▶ Recorded information:
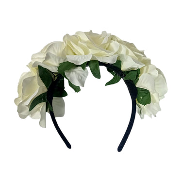 El cintillo incorpora flores blancas decorativas que aportan un look fresco, clásico y muy fotogénico, perfecto para destacar en cualquier ocasión especial.
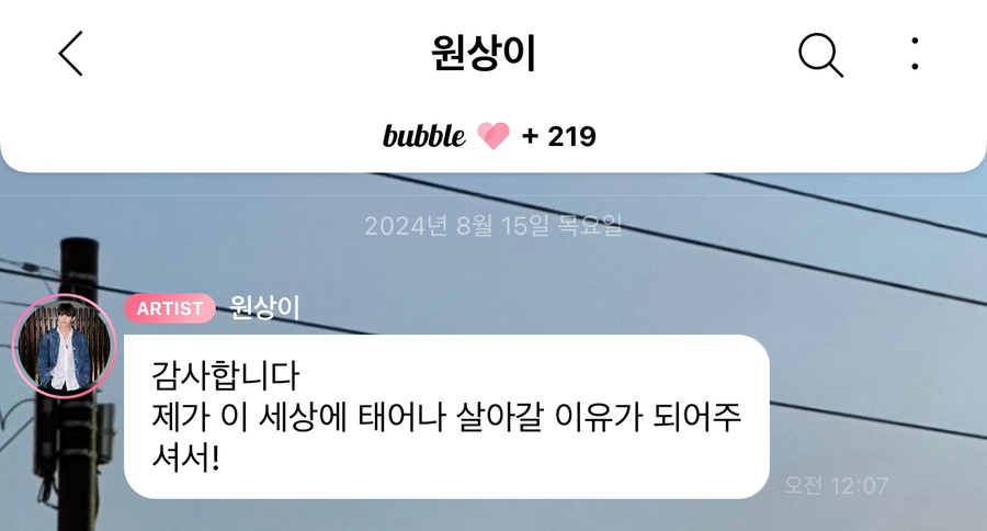 원상이 버블 보고 눈물 그렁🥺🥺
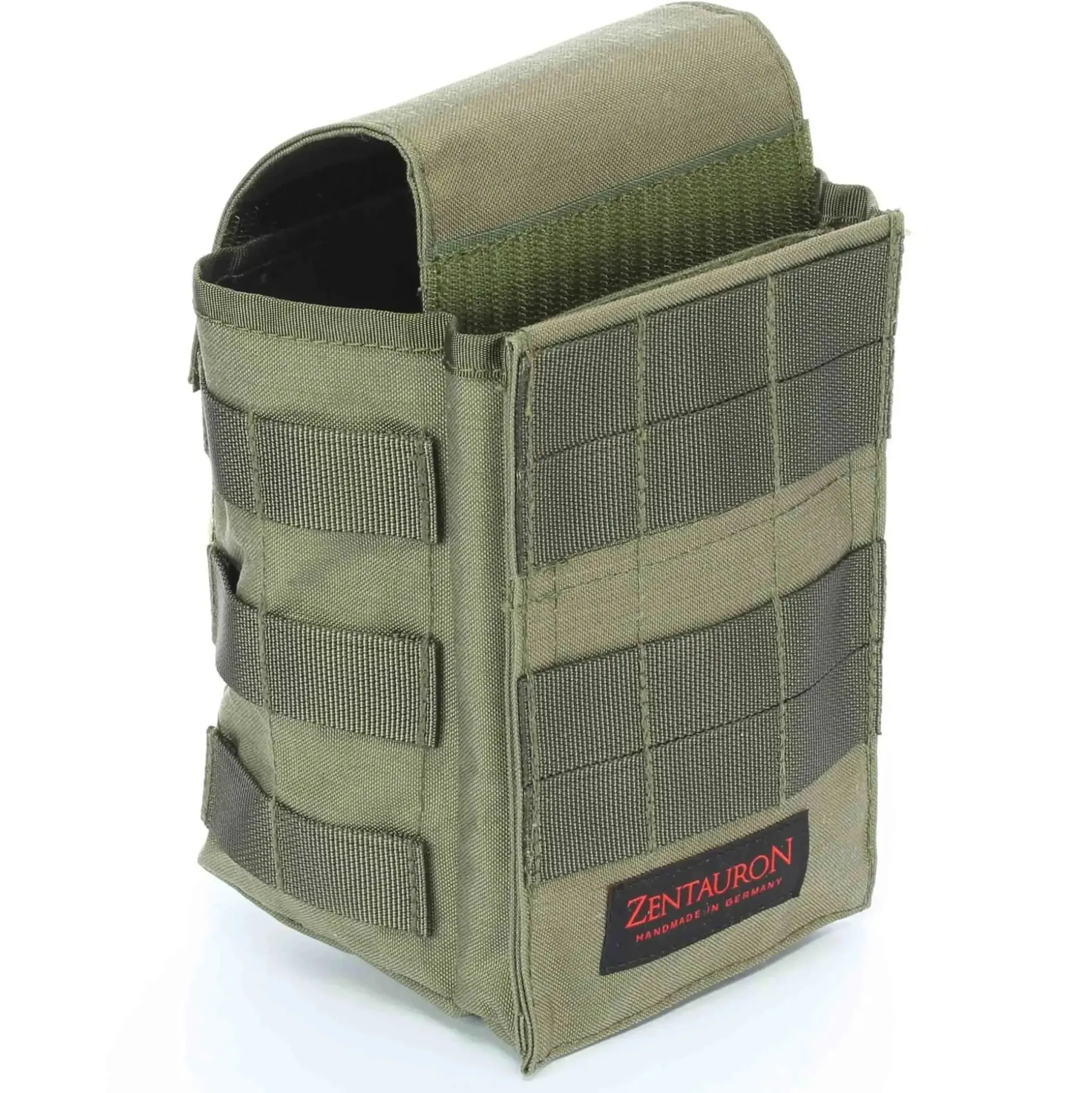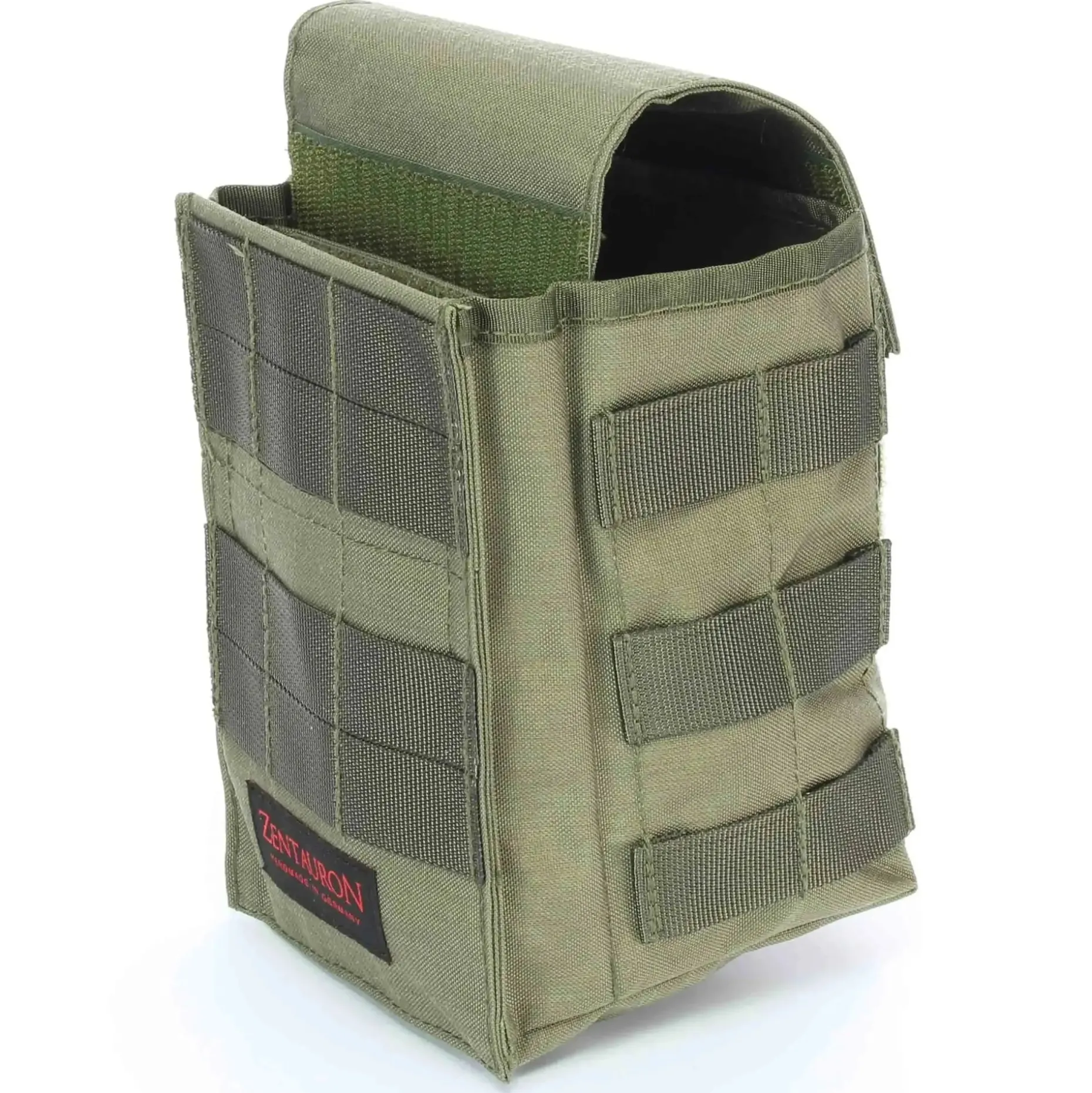 Die Zentauron Mehrzwecktasche Multislot wird via den mitgelieferten zwei Molle-Clips und mit den Molle-Schlaufen auf der Rückseite an Plattenträger und Schutzwesten angebracht. Sie zeichnet sich durch zahlreiche Fächer und großen Stauraum aus. Das Hauptfach kann zum Beispiel zwei Nebeltöpfe DM25, vier Magazine für das Gewehr G36 oder bis zu sechs Magazine für das Gewehr M4 aufnehmen. Zudem befindet sich hinter dem Hauptfach der Multislot, ein Fach, das beispielsweise Platz für flache Funkgeräte oder Signalpistolen bietet. Aufgrund des Klett-Verschlusses bleibt es in leerem Zustand stets verschlossen. Die höhenverstellbare Verschlussklappe befindet sich auf der Oberseite und ist im Inneren mit Klett befestigt. Folglich lässt sie sich ideal auf den Inhalt der Mehrzwecktasche einstellen und ermöglicht ein stabiles Verstauen. Außerdem befindet sich am Boden der Tasche eine Wasserablauföse. Zur Befestigung von weiterer Ausrüstung und Molle-Taschen sind an den Seiten der Mehrzwecktasche Multislot weitere Molle-Schaufen angebracht.

▶ Work item:
All lines above are to be restated word for word, with pictures excluded.

▶ Solved exercise:
 El cintillo incorpora flores blancas decorativas que aportan un look fresco, clásico y muy fotogénico, perfecto para destacar en cualquier ocasión especial.
 원상이 버블 보고 눈물 그렁🥺🥺
 Die Zentauron Mehrzwecktasche Multislot wird via den mitgelieferten zwei Molle-Clips und mit den Molle-Schlaufen auf der Rückseite an Plattenträger und Schutzwesten angebracht. Sie zeichnet sich durch zahlreiche Fächer und großen Stauraum aus. Das Hauptfach kann zum Beispiel zwei Nebeltöpfe DM25, vier Magazine für das Gewehr G36 oder bis zu sechs Magazine für das Gewehr M4 aufnehmen. Zudem befindet sich hinter dem Hauptfach der Multislot, ein Fach, das beispielsweise Platz für flache Funkgeräte oder Signalpistolen bietet. Aufgrund des Klett-Verschlusses bleibt es in leerem Zustand stets verschlossen. Die höhenverstellbare Verschlussklappe befindet sich auf der Oberseite und ist im Inneren mit Klett befestigt. Folglich lässt sie sich ideal auf den Inhalt der Mehrzwecktasche einstellen und ermöglicht ein stabiles Verstauen. Außerdem befindet sich am Boden der Tasche eine Wasserablauföse. Zur Befestigung von weiterer Ausrüstung und Molle-Taschen sind an den Seiten der Mehrzwecktasche Multislot weitere Molle-Schaufen angebracht.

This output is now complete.